• _TASK INSTRUCTIONS_
Take the entries below and print, exactly, the stretch from the line containing "trimise la final" through the line containing "曾幾何時(shí),當(dā", both included.

• _RECORDS PROVIDED_
++++++++
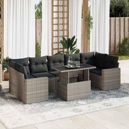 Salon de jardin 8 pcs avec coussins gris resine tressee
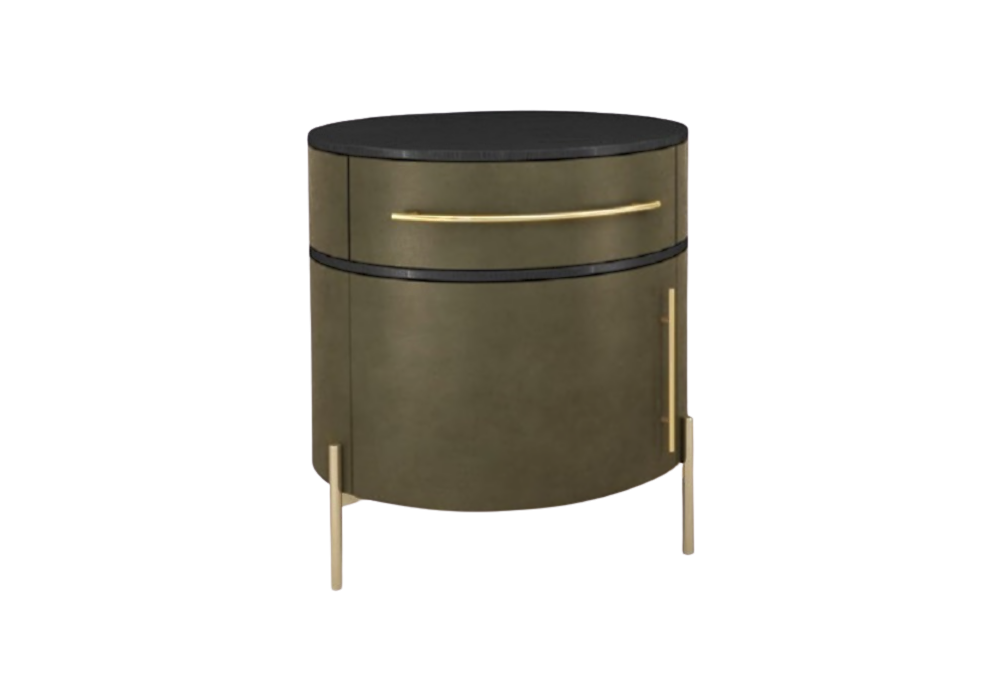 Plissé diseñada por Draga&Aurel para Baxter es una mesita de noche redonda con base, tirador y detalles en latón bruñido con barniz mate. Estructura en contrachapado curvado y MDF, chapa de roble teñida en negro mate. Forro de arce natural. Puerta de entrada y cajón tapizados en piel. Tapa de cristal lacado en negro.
++++++++
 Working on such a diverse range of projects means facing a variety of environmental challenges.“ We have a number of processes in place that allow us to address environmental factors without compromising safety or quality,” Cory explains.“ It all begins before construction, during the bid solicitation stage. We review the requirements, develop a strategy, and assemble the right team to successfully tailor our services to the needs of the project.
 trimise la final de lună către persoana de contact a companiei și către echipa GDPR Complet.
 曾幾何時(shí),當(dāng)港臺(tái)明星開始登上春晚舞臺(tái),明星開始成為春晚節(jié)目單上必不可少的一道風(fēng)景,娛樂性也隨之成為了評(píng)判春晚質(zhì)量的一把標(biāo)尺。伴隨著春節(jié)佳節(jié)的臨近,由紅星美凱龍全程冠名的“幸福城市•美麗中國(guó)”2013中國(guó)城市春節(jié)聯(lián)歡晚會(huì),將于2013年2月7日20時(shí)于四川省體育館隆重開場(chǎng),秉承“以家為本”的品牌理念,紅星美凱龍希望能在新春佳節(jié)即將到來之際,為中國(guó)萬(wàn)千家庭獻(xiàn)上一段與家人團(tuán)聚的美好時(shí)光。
++++++++
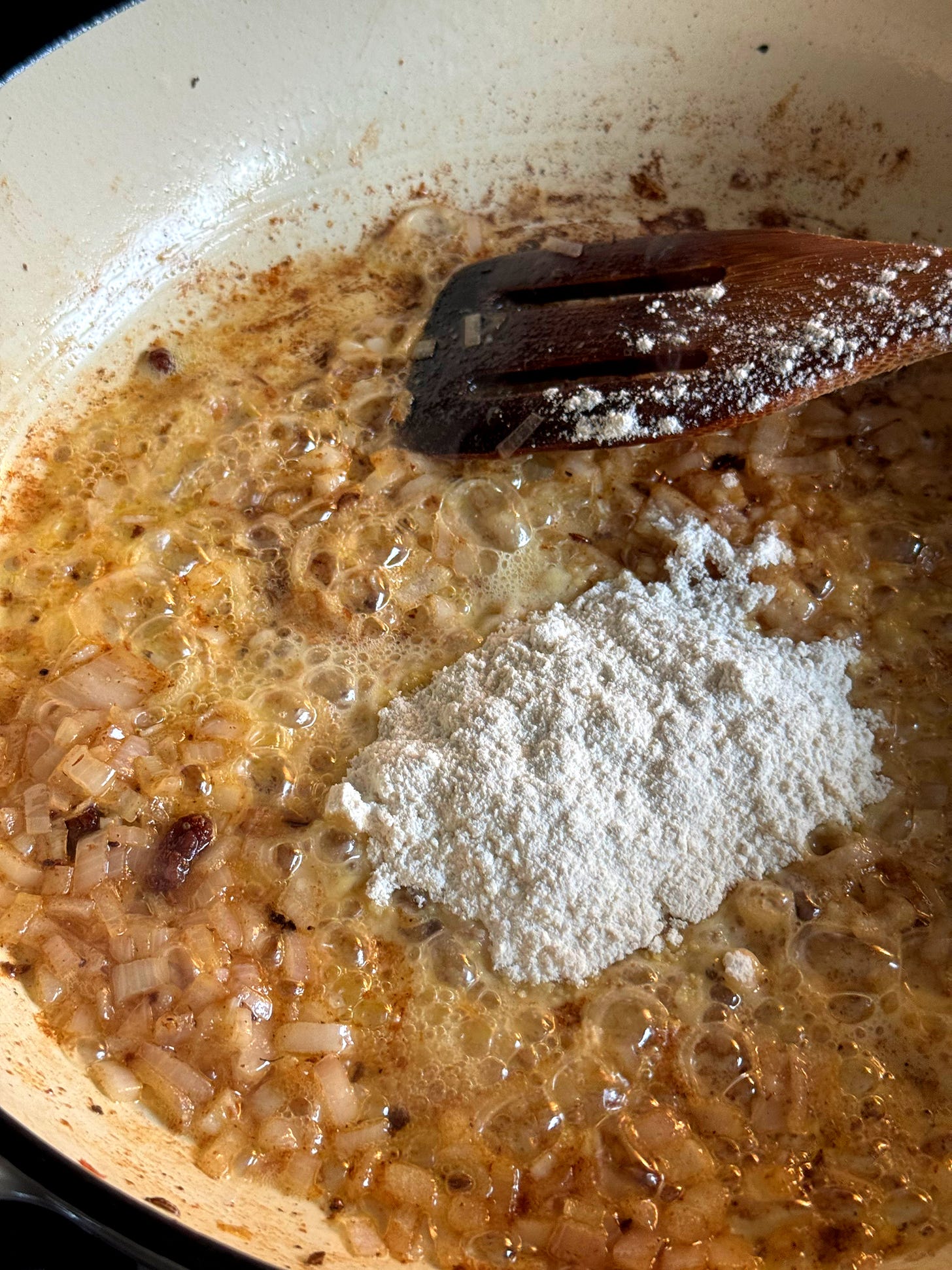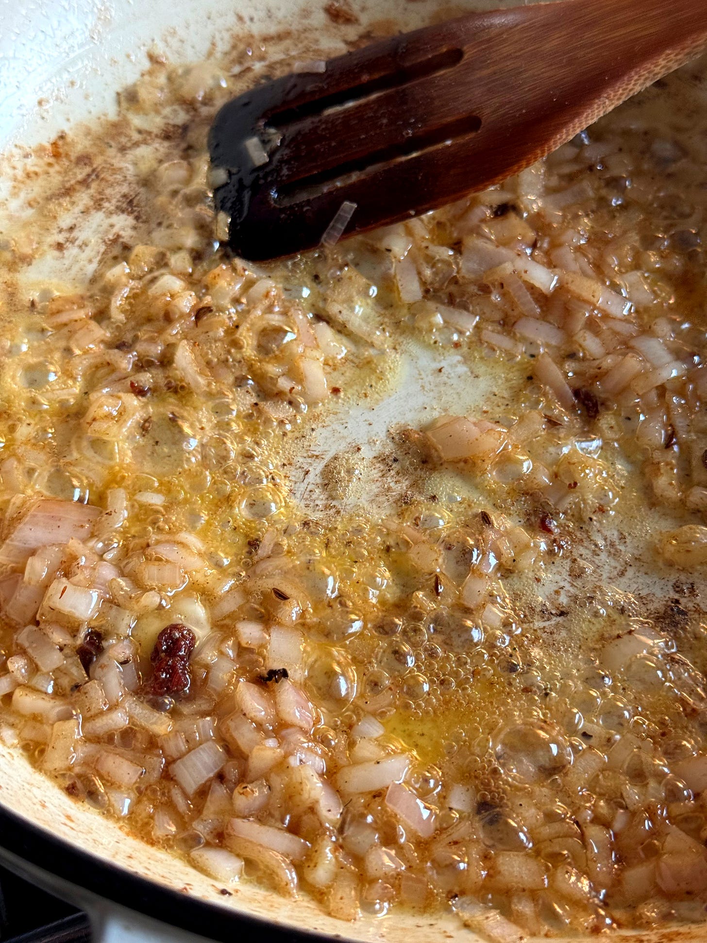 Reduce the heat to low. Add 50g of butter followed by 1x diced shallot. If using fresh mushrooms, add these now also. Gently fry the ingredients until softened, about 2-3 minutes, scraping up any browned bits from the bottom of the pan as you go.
++++++++
• _TASK RESPONSE_
 trimise la final de lună către persoana de contact a companiei și către echipa GDPR Complet.
 曾幾何時(shí),當(dāng)港臺(tái)明星開始登上春晚舞臺(tái),明星開始成為春晚節(jié)目單上必不可少的一道風(fēng)景,娛樂性也隨之成為了評(píng)判春晚質(zhì)量的一把標(biāo)尺。伴隨著春節(jié)佳節(jié)的臨近,由紅星美凱龍全程冠名的“幸福城市•美麗中國(guó)”2013中國(guó)城市春節(jié)聯(lián)歡晚會(huì),將于2013年2月7日20時(shí)于四川省體育館隆重開場(chǎng),秉承“以家為本”的品牌理念,紅星美凱龍希望能在新春佳節(jié)即將到來之際,為中國(guó)萬(wàn)千家庭獻(xiàn)上一段與家人團(tuán)聚的美好時(shí)光。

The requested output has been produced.